World War Two created a significant increase in demand for transportation in many parts of the world. To meet this requirement the Department of Transportation of the US Army, the USATC (United States Army Transportation Corps), ordered three Series of locomotives from American manufacturers: a small 030-tender locomotive, S-100, (a few became the 030TU of SNCF in France), a big locomotive with separate tender, S-160, (SNCF 140U) and finally, a 141 locomotive with separate tender designed to run on a narrow gauge, S-118. These were all simply and robustly built and would be used by many networks around the world, especially towards the end of the war.

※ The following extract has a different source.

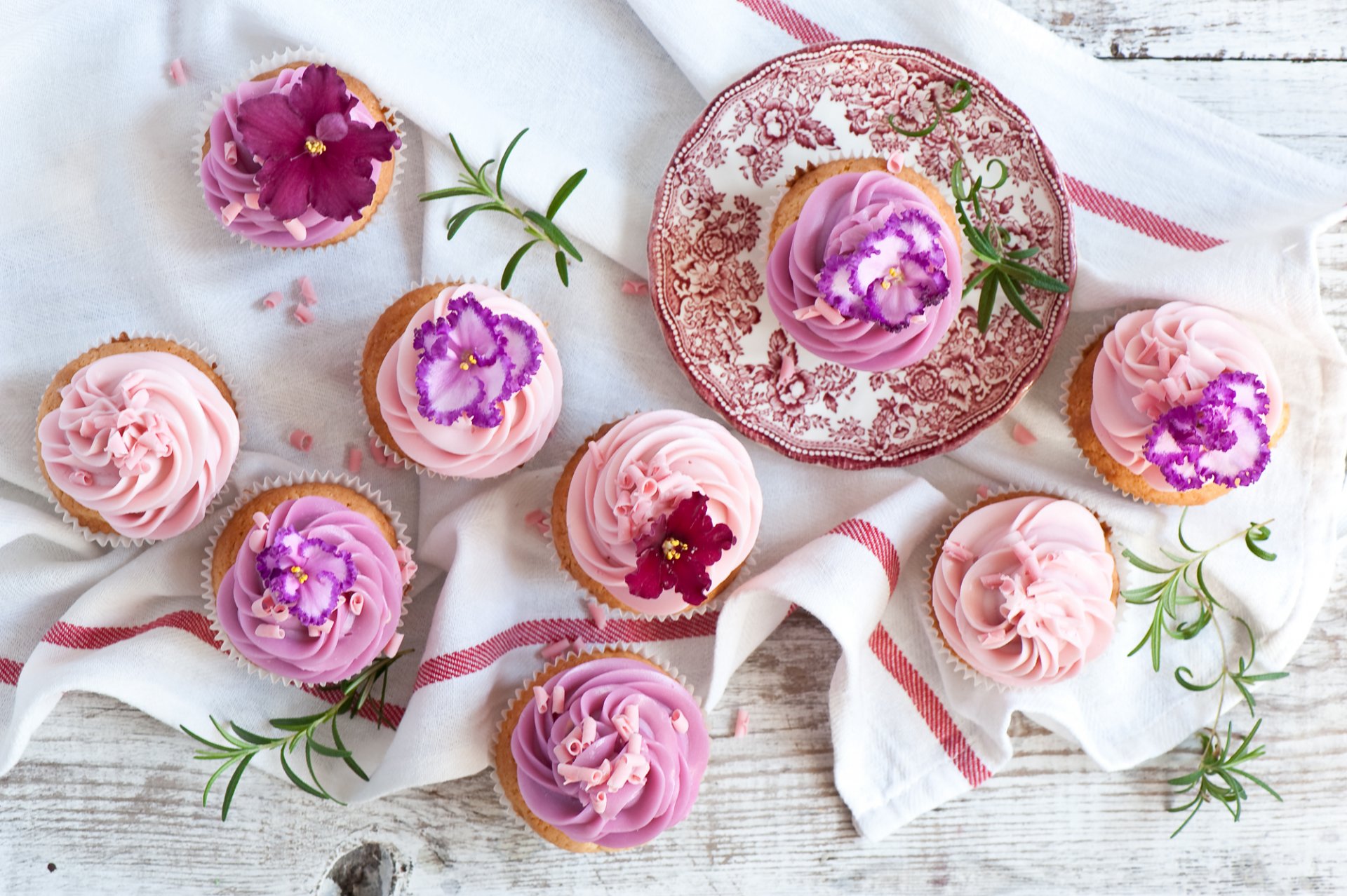 Tablett mit schönen Muffins, Gebäck mit Blaubeeren
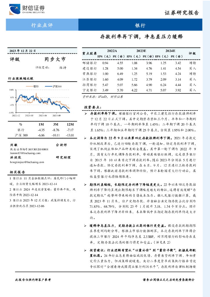 财信证券:银行行业点评:存款利率再下调,净息差压力缓释.pdf

The Series S-118, commonly known as "MacArthur", was the result of a study by the American Locomotive Company (AlCo). These locomotives could be used on three different gauges, 914, 1000 and 1067 mm, through the use of equidistant collars on the axles.

890 units were ordered by the USATC, but only 741 were delivered, between 1942 and 1945, by the five American manufacturers: AlCo, Baldwin Locomotive Works, Davenport Locomotive Works, H K Porter and Vulcan Iron Works. The order for the remaining 149 units was cancelled at the end of the war. The manufacturers, left with many almost completed locomotives, contacted all the networks able to use them offering very favourable leasing deals. 52 additional units, called "copies", were sold between 1945 and 1948 to India, Greece, Ethiopia and the Belgian Congo (le Chemin de Fer des Grands Lacs).
During the war the S-118 USATC locomotives ran in Alaska, Algeria, Tunisia, the Gold Coast, Iraq, India, Burma and Australia. Later they would also be used in Thailand, Malaysia, Cambodia, the Philippines, Cameroon, Tanganyika, Costa Rica, Honduras and Brazil.

The American "Davenport Locomotive Works"of Iowa delivered six new units, Nos 421 to 426, to C.F.E. They were not real "Mac Arthurs", but copies that differed by only a few details. They were slightly heavier and worked under a higher steam pressure (14 bar instead of 12.76). They were to be the last steam engines to join the C.F.E. and the only ones to be fuelled by diesel. They were used over a long period of time concurrently with the diesel SLM locomotives that were delivered in 1951, and would also be the last steam locomotives on the network. The survivors would eventually be put in a siding in 1962 after the arrival of the second Series of Alsthom diesel locomotives.